我有一个消息传递应用程序,我需要在其中 return 用户参与的所有对话以及与每个对话相关的消息。我想限制每次对话的消息数量。
Table结构如下:
用户
| id | name | email | created_at |
|------|------|----------|------------|
| 1 | Bob | a@b.com | timestamp |
| 2 | Tom | b@b.com | timestamp |
| 3 | Mary | c@b.com | timestamp |
消息
| id | sender_id | conversation_id | message | created_at |
|------|-----------|------------------|---------|------------|
| 1 | 1 | 1 | text | timestamp |
| 2 | 2 | 2 | text | timestamp |
| 3 | 2 | 1 | text | timestamp |
| 4 | 3 | 3 | text | timestamp |
对话
| id | created_at |
|----|------------|
| 1 | timestamp |
| 2 | timestamp |
| 3 | timestamp |
Conversations_Users
| id | user_id | conversation_id |
|----|---------|-----------------|
| 1 | 1 | 1 |
| 2 | 2 | 1 |
| 3 | 2 | 2 |
| 3 | 3 | 2 |
| 4 | 3 | 3 |
| 5 | 1 | 3 |
我想加载用户 (id 1) 所在的所有对话(在示例中 - 对话 1 和 3)。

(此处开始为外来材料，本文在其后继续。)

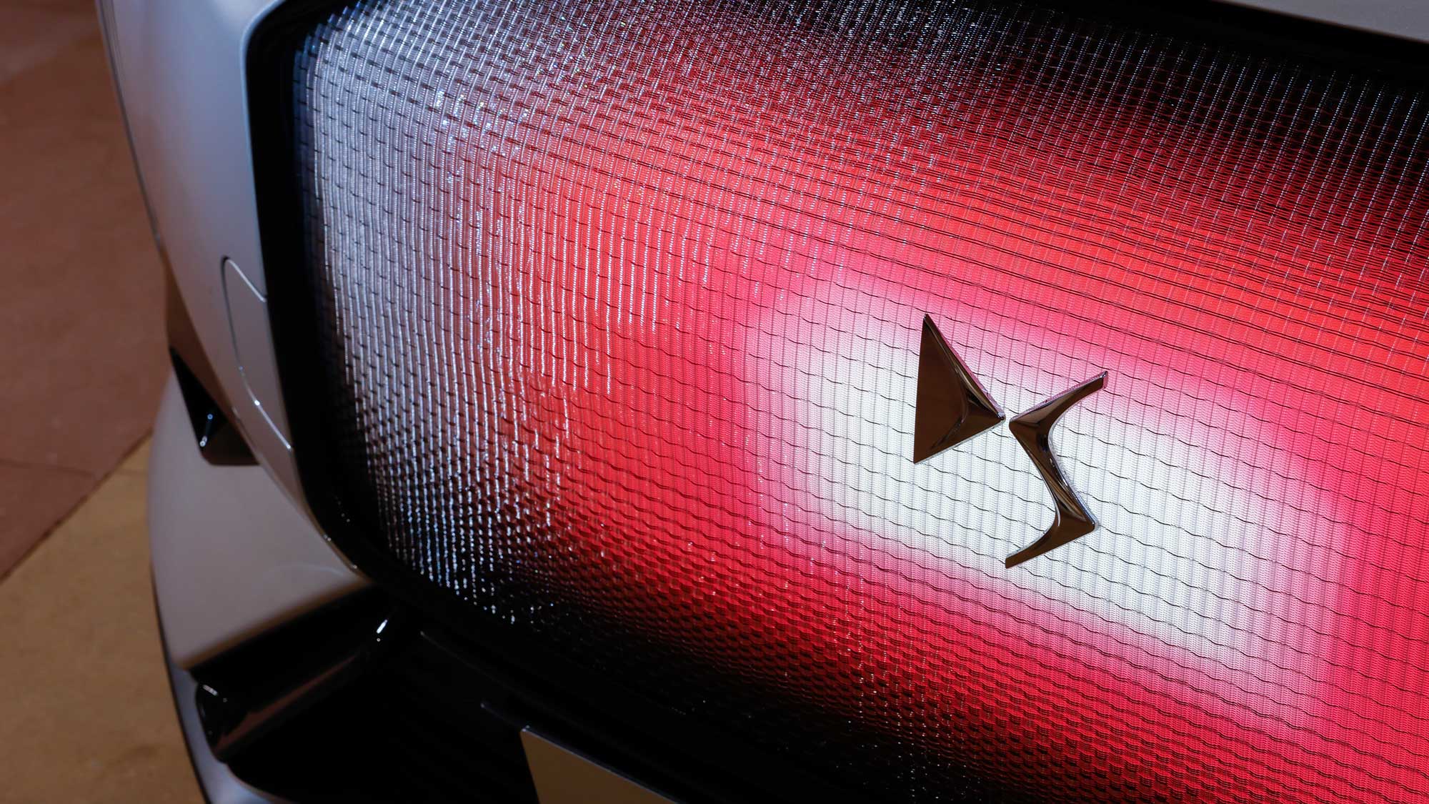 Premier prix du jury de l’appel à création DS & Métiers d’Art 2023, la calandre de la DS 3 E‑TENSE Incidence est une épreuve technique et esthétique. Les principes de transparence, de profondeur et de vibration ont inspiré ce tissage à mémoire de forme. Un rétroéclairage révèle un dégradé aux teintes pourpre et met en valeur le logo de la marque.
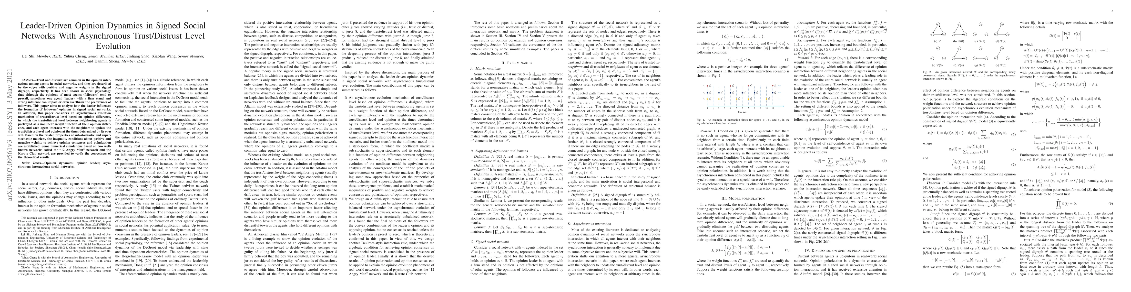 This paper investigates how a leader's strong influence can shape followers' opinions in signed social networks, where trust and distrust are represented by positive and negative weights. It introduces an asynchronous mechanism for evolving trust/distrust levels based on opinion differences, and establishes conditions for opinion consensus and polarization using sub-stochastic and super-stochastic matrices, validated through simulations on the "12 Angry Men" and Karate Club networks.
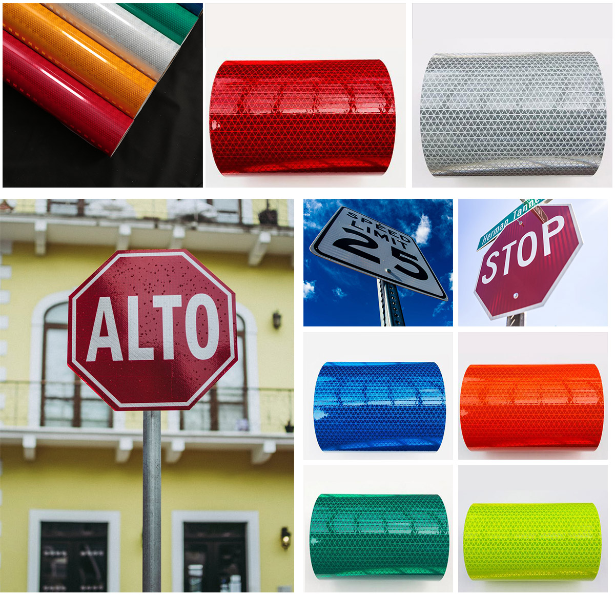 This Grade Reflective Sheeting can also be pre-coated with slant double colored strips or hazard warning shapes on the surface for finally using as barricade or hazard tape. More details pls check the overview table or Spec sheet.
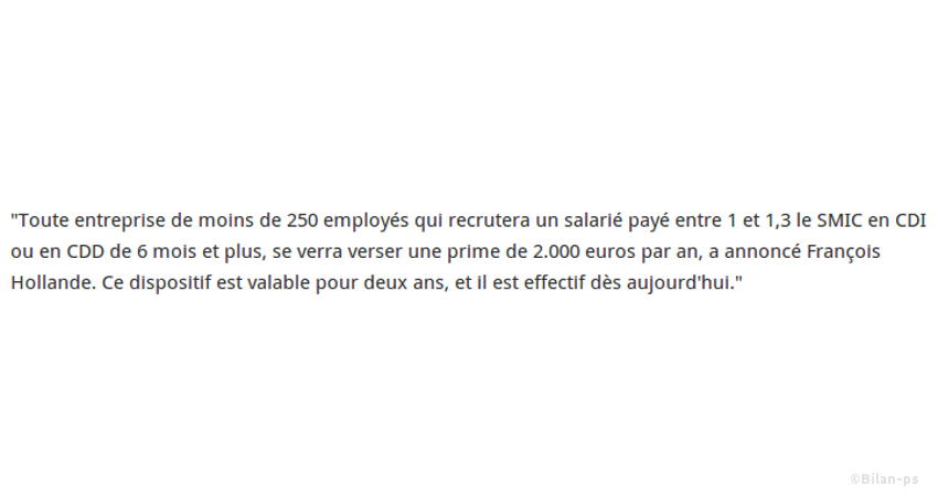 - Nouveau cadeau au patronat : prime de 2.000 € par an et par embauche pour les PME – source – capture

对于每个对话,我需要与其关联的消息,按 conversation_id 分组,按 created_at ASC 排序。我当前的查询处理这个:
SELECT
*
FROM
messages
WHERE
conversation_id IN (
SELECT
conversation_id
FROM
conversations_users
WHERE
user_id = 1
)
ORDER BY
conversation_id, created_at ASC;
但是,这会将大量数据存入内存。因此,我想限制每次对话的消息数量。
我看过 rank() 和 ROW_NUMBER() 但不确定如何实施 them/if 它们正是我们所需要的。

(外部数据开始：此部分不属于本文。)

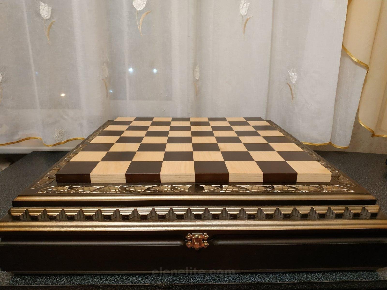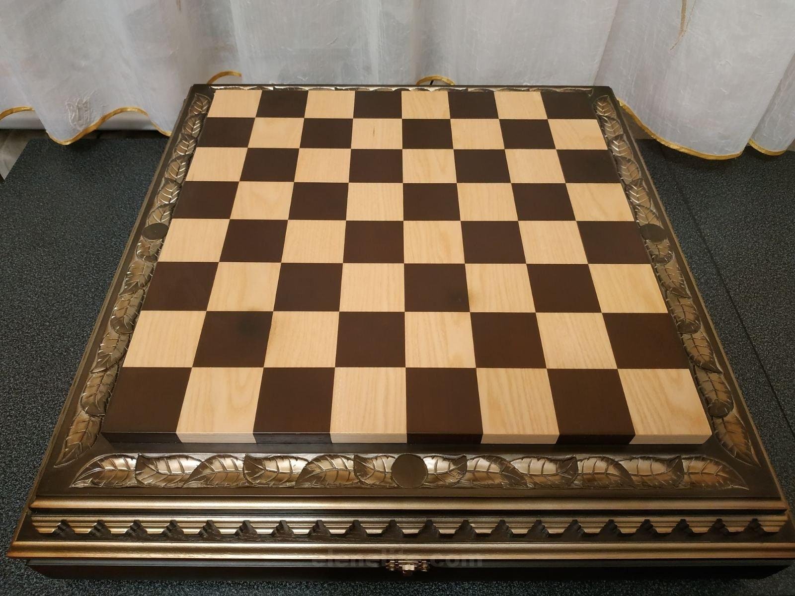 A chess board made of natural ash, created with attention to every detail. Inside there is a velvet compartment for careful storage of pieces. The surface is decorated with exquisite hand carving with gold foliage, which gives the product a special charm.
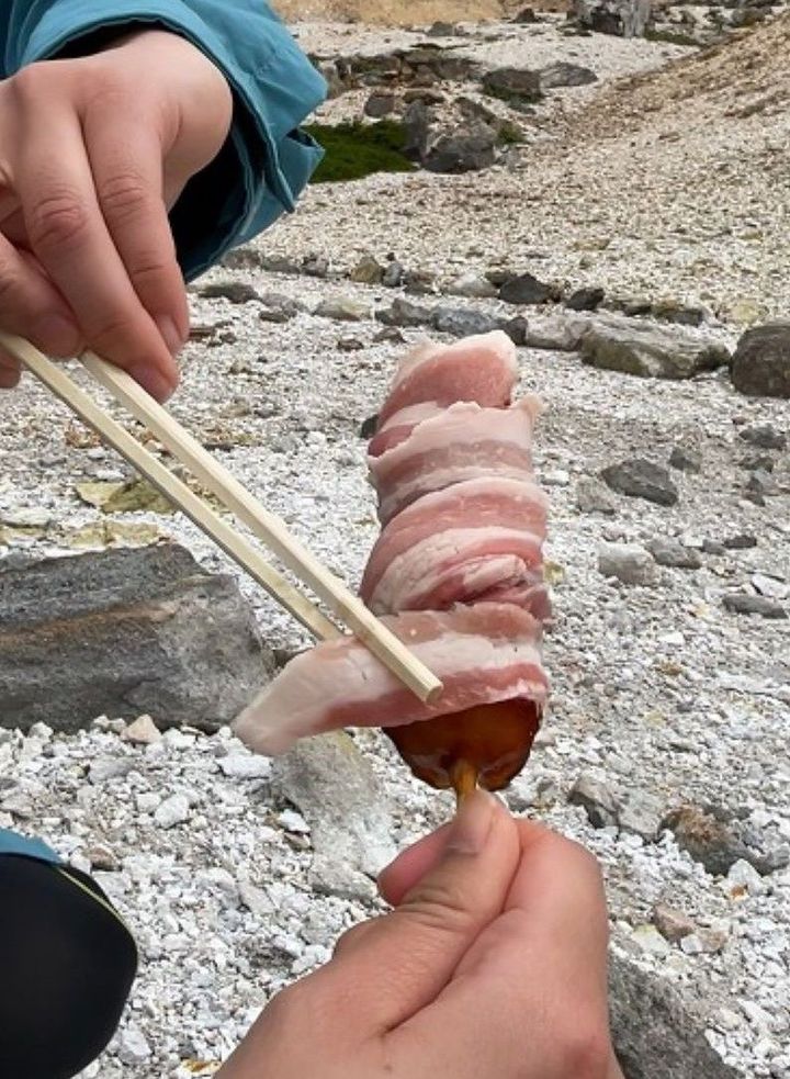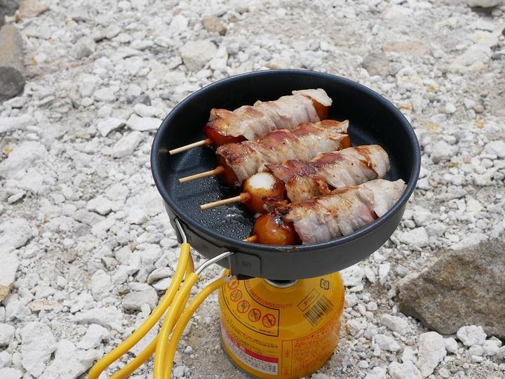 今回のメニューは、一緒に登った友人リクエスト「豚バラみたらし」。
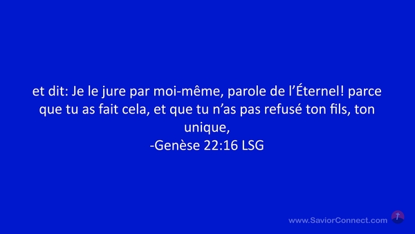 et dit: Je le jure par moi-même, parole de l'Éternel! parce que tu as fait cela, et que tu n'as pas refusé ton fils, ton unique, -Genèse 22:16 LSG
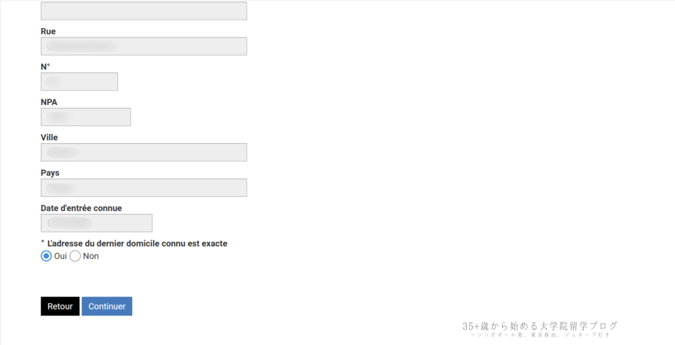 - L’adresse du dernier domicile connu est exacte(最後の住所は正しいか) → Oui / Non を選択
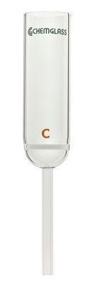 FILTER TUBE, ALLIHN^ Porosity: Fine. Allihn type filter tube with a 30mm O.D. disc. Height above the disc is 100mm, lower stem is 8mm O.D.x55mm in length.

这是一个使用 row_number() 限制每个 100 users 对话的示例。在 descending 中获取最新的 conversations.
select * from
messages t1
inner join(
select row_number() over (partition by user_id order by conversation_id desc) rn, conversation_id, user_id
from conversations_users) t2 on t1.user_id = t2.user_id
where rn <= 100
order by created_at asc;
你确实可以使用row_number()。以下查询将为您提供给定用户每次对话的最后 10 条消息:
select *
from (
select
m.*,
row_number() over(
partition by cu.user_id, m.conversation_id
order by m.created_at desc
) rn
from messages m
inner join conversations_users cu
on cu.conversation_id = m.conversation_id
and cu.user_id = 1
) t
where rn <= 10
order by conversation_id, created_at desc
备注:
我将带有
in的子查询转换为常规join,因为我认为这是表达您的要求的更简洁的方式我在分区子句中加入了用户id;因此,如果您删除过滤用户的
where子句,您将获得每个用户对话的最后 10 条消息
您可以使用 ROW_NUMBER() 来限制每次对话的消息数。获取最新的:
SELECT m.*
FROM (SELECT m.*,
ROW_NUMBER() OVER (PARTITION BY m.conversation_id ORDER BY m.created_at DESC) as seqnum
FROM messages m
) m JOIN
conversation_users cu
ON m.conversation_id = cu.conversation_id
WHERE cu.user_id = 1 AND seqnum <= <n>
ORDER BY m.conversation_id, m.created_at ASC;
另一种方法是使用横向连接:
select m.*
from conversation_users cu cross join lateral
(select m.*
from messages m
where m.conversation_id = cu.conversation_id
order by m.created_at desc
limit <n>
) m
where cu.user_id = 1
order by m.message_id, m.created_at;
我认为这可能对更大的数据有更好的性能,但你需要测试一下。